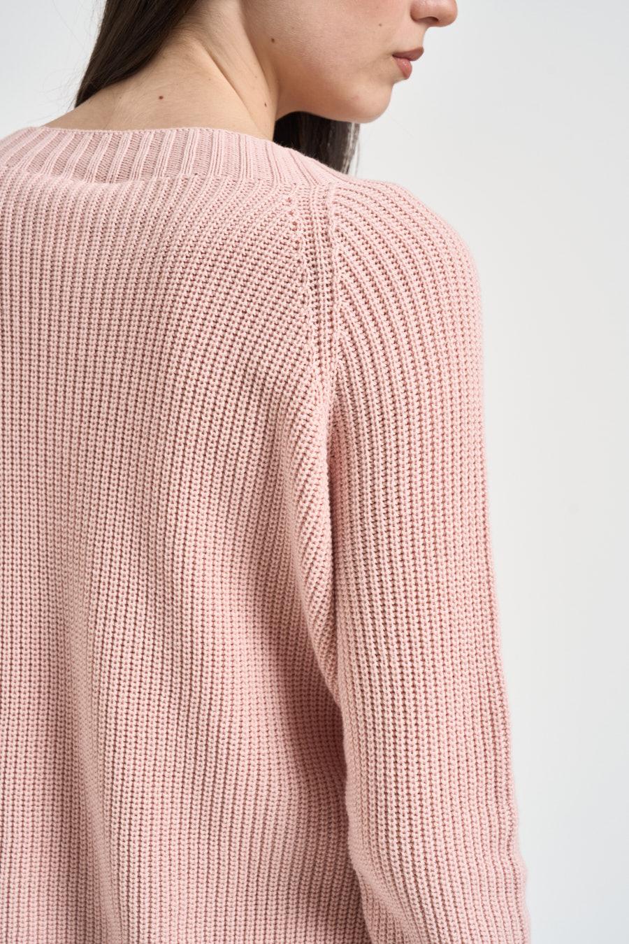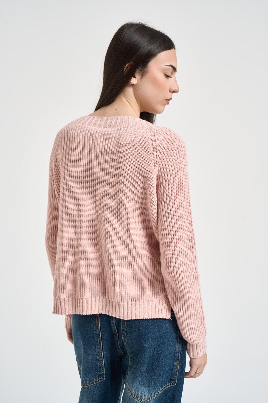 SUSY MIX Maglia donna con spacchi rosa cipria. Modello dalla vestibilità morbida. Scollo a barca. Dettagli a costine. Manica lunga. Composizione: 100% cotone. La modella è alta 172 cm e indossa la taglia UNI.
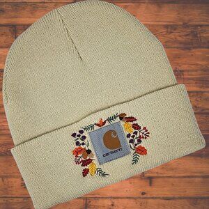 Adult Carhartt Knit Cuffed Beanie beautifully embroidered with colorful fall leaves, acorns, berries and purple flowers. Perfect gift for a special lady. A great look in the cold climate seasons. This Carhartt beanie is fully versatile and can be worn with any style. Constructed from thick acrylic rib-knit yarn, the Adult Carhartt Knit Cuffed Beanie is super soft and incredibly warm on a cold winter day. Plus, the stretchy fabric ensures that this Carhartt beanie stays put all day long.
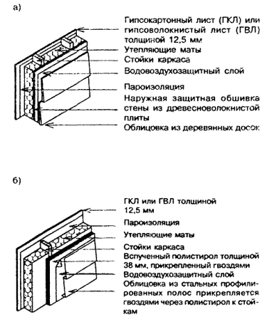 9.3.2 Обеспечение защиты от воздухопроницания 9.3.2.1 Расчетное сопротивление воздухопроницанию ограждающих конструкций дома должно быть не ниже требуемого по СНиП II-3. 9.3.2.2 Для обеспечения требуемого сопротивления воздухопроницанию ограждающих конструкций они должны включать слои из материалов с достаточно низкой воздухопроницаемостью, в том числе могут быть использованы: кровельные и гидроизоляционные рулонные материалы; гипсокартонные и гипсоволокнистые листы толщиной не менее 12,5 мм; фанера толщиной не менее 8 мм; жесткие древесноволокнистые плиты толщиной не менее 6 мм; экструдированый полистирол толщиной не менее 40 мм; уретановая теплоизоляция с подложкой из фольги толщиной не менее 25 мм; алюминиевая фольга; полиэтиленовая пленка толщиной не менее 0,15 мм. 9.3.2.3 При использовании в конструкциях слоев из материалов, характеристики воздухопроницаемости которых неизвестны, выполнение требования 9.3.2.1 должно быть подтверждено результатами испытаний конструкций в соответствии с ГОСТ 25891. 9.3.2.4 Воздухопроницаемость окон и балконных дверей, используемых при строительстве домов, не должна при испытаниях в соответствии с ГОСТ 26602.2 превышать 3,5 м3/ч×м2 при разности давлений 10 Па. 9.3.2.5 Для защиты от проницания наружного воздуха внутрь утепленных наружных стен в их конструкции предусматривается устройство: - наружной защитной обшивки стенового каркаса; - водовоздухозащитного слоя; - облицовочного слоя или наружной штукатурки. 9.3.2.6 Наружную защитную обшивку стенового каркаса предусматривают в тех случаях, когда требуется защита от влаги утепляющего слоя, а также когда под наружную облицовку требуется устройство сплошного основания (сплошной обрешетки). Для применения в качестве наружной защитной обшивки каркаса должны использоваться обшивочные материалы (таблица 7.3), низкая водо- и воздухопроницаемость которых обеспечивается либо свойствами самих материалов, либо за счет наклейки в заводских условиях на наружную поверхность плит и листов из таких материалов полиэтиленовой пленки или фольги. 9.3.2.7 Стыки листов или плит наружной защитной обшивки стенового каркаса должны быть заполнены герметиком. Пиломатериалы в наружной защитной обшивке должны быть уложены с соединением в шпунт. В случае использования для наружной защитной обшивки теплоизоляционных материалов с наклеенным слоем фольги или полиэтиленовой пленки стыки листов или плит должны оставляться незаполненными. 9.3.2.8 В случаях, когда наружная защитная обшивка стенового каркаса не предусматривается, а также в случаях, когда наружная защитная обшивка стенового каркаса выполняется из материалов на древесной основе (например, из фанеры, древесностружечных плит, пиломатериалов), требуется устройство водовоздухозащитного слоя, укладываемого по внешней стороне утеплителя, а при наличии защитной обшивки - по ее внешней поверхности. 9.3.2.9 Водовоздухозащитный слой выполняется из специального водовоздухозащитного материала (например, полиолефин, перфорированный полиэтилен), обладающего низкой водо- и воздухопроницаемостью, но проницаемого для водяных паров1, уложенного не мене чем в два слоя непосредственно по утеплителю и не менее чем в один слой - по поверхности наружной защитной обшивки каркаса. По поверхности наружной защитной обшивки допускается устраивать водо
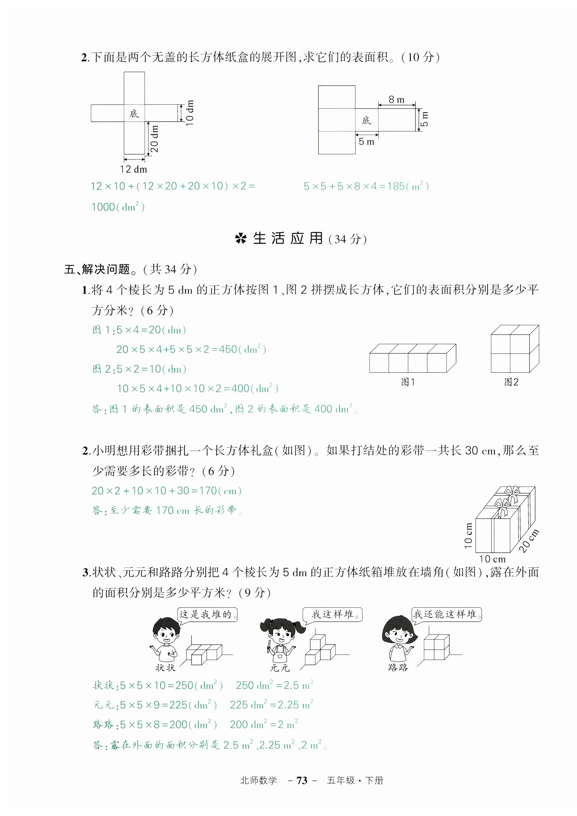 注:目前有些书本章节名称可能整理的还不是很完善,但都是按照顺序排列的,请同学们按照顺序仔细查找。练习册 2025年状元成才路创优作业100分五年级数学下册北师大版 答案主要是用来给同学们做完题方便对答案用的,请勿直接抄袭。
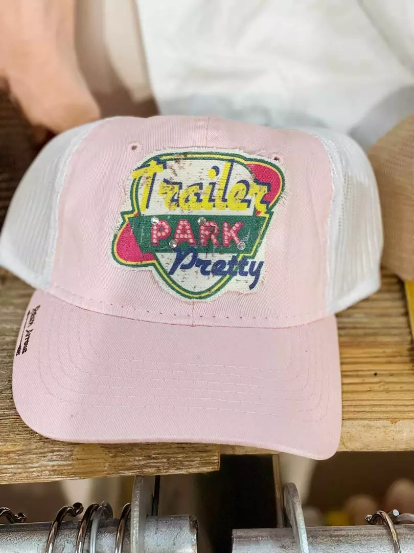 Trailer park pretty ball cap! We just love pink! Matches so many items and perfect to wear on those dreadful bad hair days! The hat is adjustable to fit you perfectly!

===============

> [Task goal] Only the lines from the start of the material through the line containing "Adult Carhartt Knit Cuffed Beanie beautifully" should be transcribed. Pictures stay out.

> [Response below]
 SUSY MIX Maglia donna con spacchi rosa cipria. Modello dalla vestibilità morbida. Scollo a barca. Dettagli a costine. Manica lunga. Composizione: 100% cotone. La modella è alta 172 cm e indossa la taglia UNI.
 Adult Carhartt Knit Cuffed Beanie beautifully embroidered with colorful fall leaves, acorns, berries and purple flowers. Perfect gift for a special lady. A great look in the cold climate seasons. This Carhartt beanie is fully versatile and can be worn with any style. Constructed from thick acrylic rib-knit yarn, the Adult Carhartt Knit Cuffed Beanie is super soft and incredibly warm on a cold winter day. Plus, the stretchy fabric ensures that this Carhartt beanie stays put all day long.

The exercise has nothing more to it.